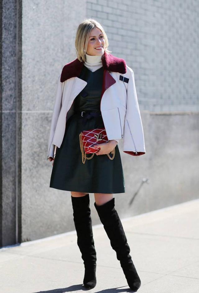 當然如果覺得冷就套上短款小外套,再搭配過膝長靴,俏皮又幹練。
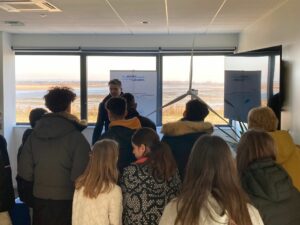 La base de maintenance du Parc éolien en mer du Calvados, installée au bout de la jetée Paul Émile Victor à Ouistreham, est bien plus qu’un site technique. C’est un lieu vivant d’échanges, de découverte et de sensibilisation. Depuis son inauguration en 2023, elle accueille régulièrement du grand public, des associations, ainsi que de nombreux scolaires venant comprendre comment se construit et fonctionne un parc éolien en mer, mais aussi comment les enjeux environnementaux sont pris en compte et comment un tel projet s’intègre dans un contexte de politique énergétique national.
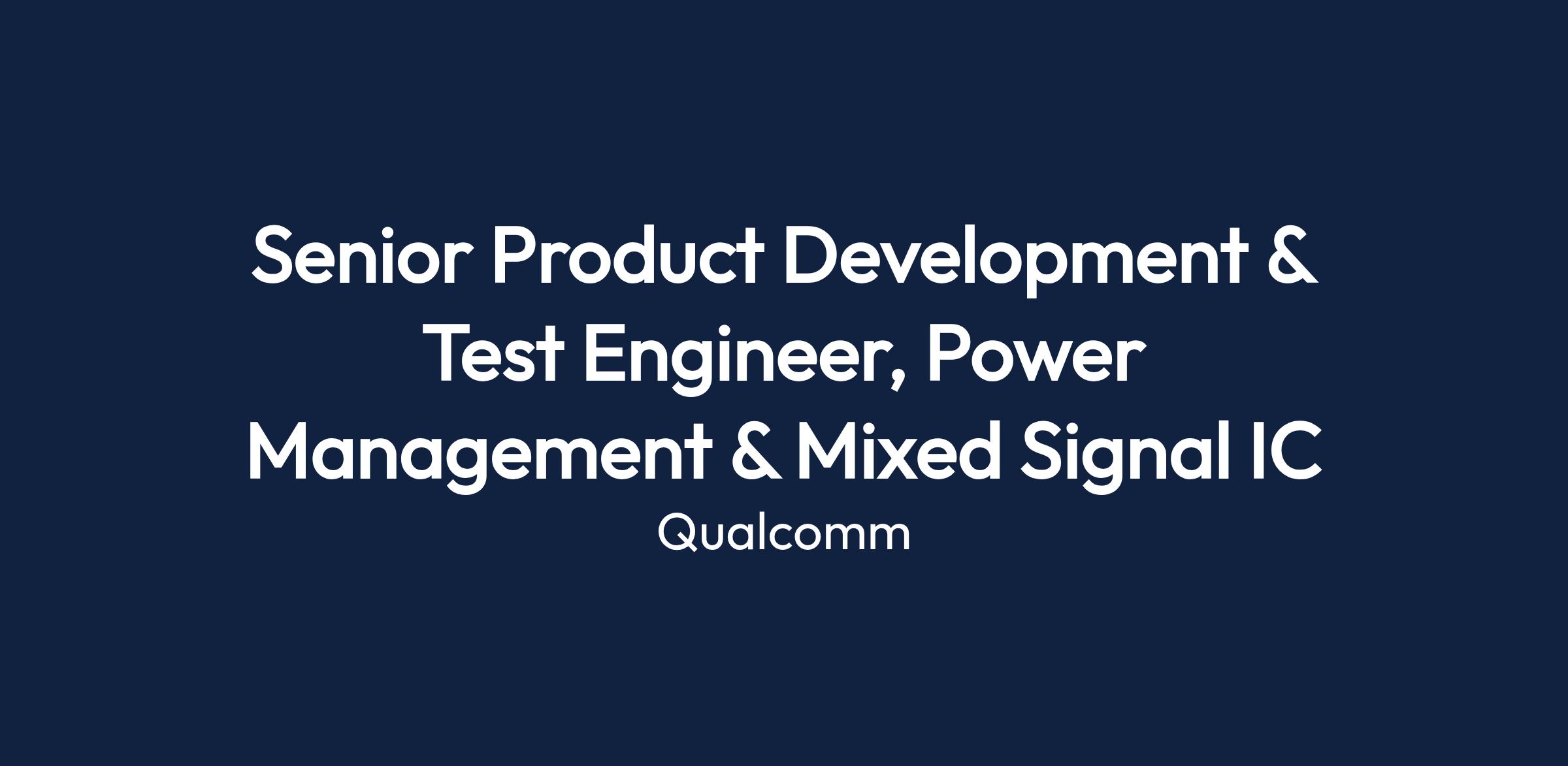 This position is part of Qualcomm's Product Development and Test Engineering group, focusing on test solutions for highly integrated power management, analog, and mixed signal ASICs. The team collaborates closely with various departments to ensure successful commercialization and support for QCT's products.

◆ ◆ ◆ ◆

**Your goal**
Print every line of the material exactly as written, but drop the pictures.

**Task response**
 當然如果覺得冷就套上短款小外套,再搭配過膝長靴,俏皮又幹練。
 La base de maintenance du Parc éolien en mer du Calvados, installée au bout de la jetée Paul Émile Victor à Ouistreham, est bien plus qu’un site technique. C’est un lieu vivant d’échanges, de découverte et de sensibilisation. Depuis son inauguration en 2023, elle accueille régulièrement du grand public, des associations, ainsi que de nombreux scolaires venant comprendre comment se construit et fonctionne un parc éolien en mer, mais aussi comment les enjeux environnementaux sont pris en compte et comment un tel projet s’intègre dans un contexte de politique énergétique national.
 This position is part of Qualcomm's Product Development and Test Engineering group, focusing on test solutions for highly integrated power management, analog, and mixed signal ASICs. The team collaborates closely with various departments to ensure successful commercialization and support for QCT's products.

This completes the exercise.